Femtomolar detection of staphylococcal enterotoxin ‘B’ using a fluorescent quantum dot based hybrid Apta-immunosensor

• Published in: Spectrochimica acta. Part A, Molecular and biomolecular spectroscopy Vol. 287; p. 122036
• Main Authors: Chopra, Adity, Swami, Anuradha, Sharma, Rohit, Devi, Neha, Mittal, Sherry, Sharma, Rohit K., Wangoo, Nishima
• Format: Journal Article
• Language: English
• Published: Elsevier B.V 15.02.2023
• Subjects: Aptamer; FRET; Quantum dot; Sandwich ELISA; SEB; SEB; Quantum dot; FRET; Aptamer; Sandwich ELISA
• ISSN: 1386-1425
• DOI: 10.1016/j.saa.2022.122036

[Display omitted] •The developed FRET based assay utilizes an antibody-aptamer hybrid for the detection of SEB.•The use of aptamer instead of another antibody in a sandwich assay rendered the assay cost effective.•The reported assay is faster than ELISA and other conventional methods.•Similar platform can also be used for the detection of various other disease markers.
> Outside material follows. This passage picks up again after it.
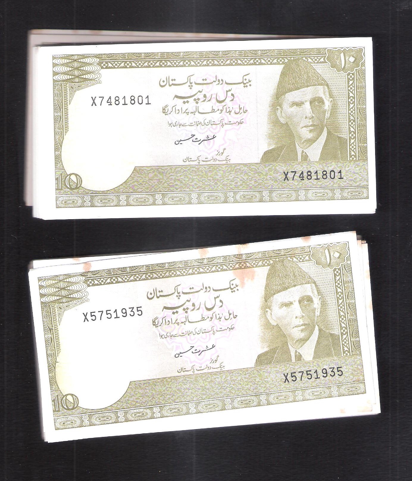 Category Banknotes Lot number 645 Starting Bid 3500 Lot Pictures Pakistan Rs. !0 (118 notes) Signature by Ishrat Hussain prefix X (Replacement) condition UNC with stain Add to Slideshow Off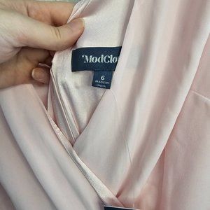 From ModCloth Website: Celebrate your bestie and her beloved by making your procession in this elegant, light pink maxi dress! Boasting a surplice neckline above a sash-tied waist, hidden side pockets, and a flowy skirt, this chiffon bridesmaid gown from our ModCloth namesake label allows you to celebrate in sophisticated style.

Food poisoning is a gastrointestinal illness caused by food-borne enterotoxin produced by the bacterium Staphylococcus aureus. The effective dose of Staphylococcal enterotoxin ‘B’ (SEB) is estimated to be 0.4 ng/kg of body weight, whereas the 50 % lethal dose is found to be 20 ng/kg of body weight for humans exposed by the inhalation route. The present report highlights the development of a fluorescence resonance energy transfer (FRET) based assay for the detection of Staphylococcal enterotoxin. Highly fluorescent, aqueous quantum dots were synthesized and conjugated with Staphylococcal enterotoxin ‘B’ specific bioreceptors. SEB specific aptamer and SEB antibody were labeled with fluorescent quantum dots for recognizing and binding two separate epitopes in the SEB. A combination of two probes against different epitopic regions in a homogeneous sandwich assay format enhanced the sensitivity and specificity of SEB detection. In the presence of the enterotoxin, both the aptamer and antibody came in close proximity with each other and FRET was observed. A linear decrease in the fluorescence at 562 nm and a corresponding increase in the signal at 644 nm was observed with increasing concentrations of SEB, when excited at the absorption maximum of quantum dots. The limit of detection for the developed assay obtained was less than 1 ng/ml. The method was employed in apple juice and quantitated using Enzyme-linked Immunosorbent Assay (ELISA). The designed assay was rapid and robust and can be extrapolated as a platform for the detection of various disease-causing agents of biomedical significance.